The patches look quite good and would seem to help in the intra-node congestion case, which our first patch was trying to do. We haven't tried them yet but I'll pull a build together and try to run it over the weekend.

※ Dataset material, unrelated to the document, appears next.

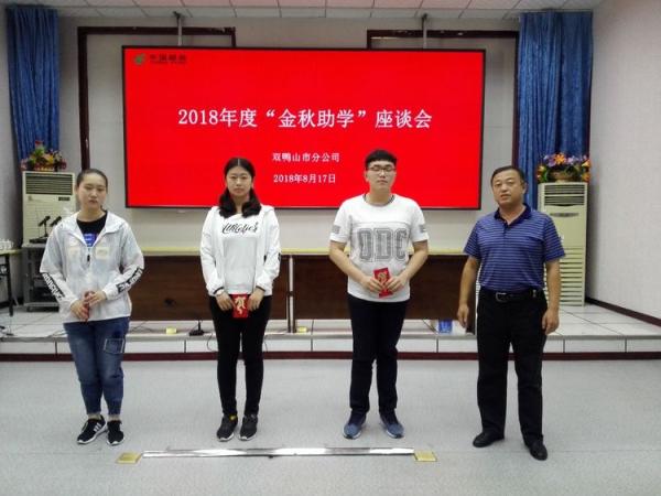2018年8月17日上午,在高考學(xué)子即將步入大學(xué)校門之際,雙鴨山市分公司“金秋助學(xué)”座談會(huì)在市分公司召開。雙鴨山市郵政職工子女中的11名即將步入高校的優(yōu)秀考生和9名困難職工子女獲得了“金秋助學(xué)”助學(xué)金。

We don't however, see that they would help in the situation we saw for the second patch where rgrp glocks would get bounced around between hosts at high speed and cause lots of state flushing to occur in the process as the stats don't take any account of anything other than network latency whereas there is more involved with a rgrp glock when state needs to be flushed.

Any thoughts on this?

Thanks,

	Mark.

-----Original Message-----
From: Mark Syms 
Sent: 28 September 2018 13:37
To: 'Bob Peterson' <rpeterso@redhat.com>
Cc: cluster-devel at redhat.com; Tim Smith <tim.smith@citrix.com>; Ross Lagerwall <ross.lagerwall@citrix.com>
Subject: RE: [Cluster-devel] [PATCH 0/2] GFS2: inplace_reserve performance improvements

Hi Bob,

No, we haven't but it wouldn't be hard for us to replace our patches in our internal patchqueue with these and try them. Will let you know what we find.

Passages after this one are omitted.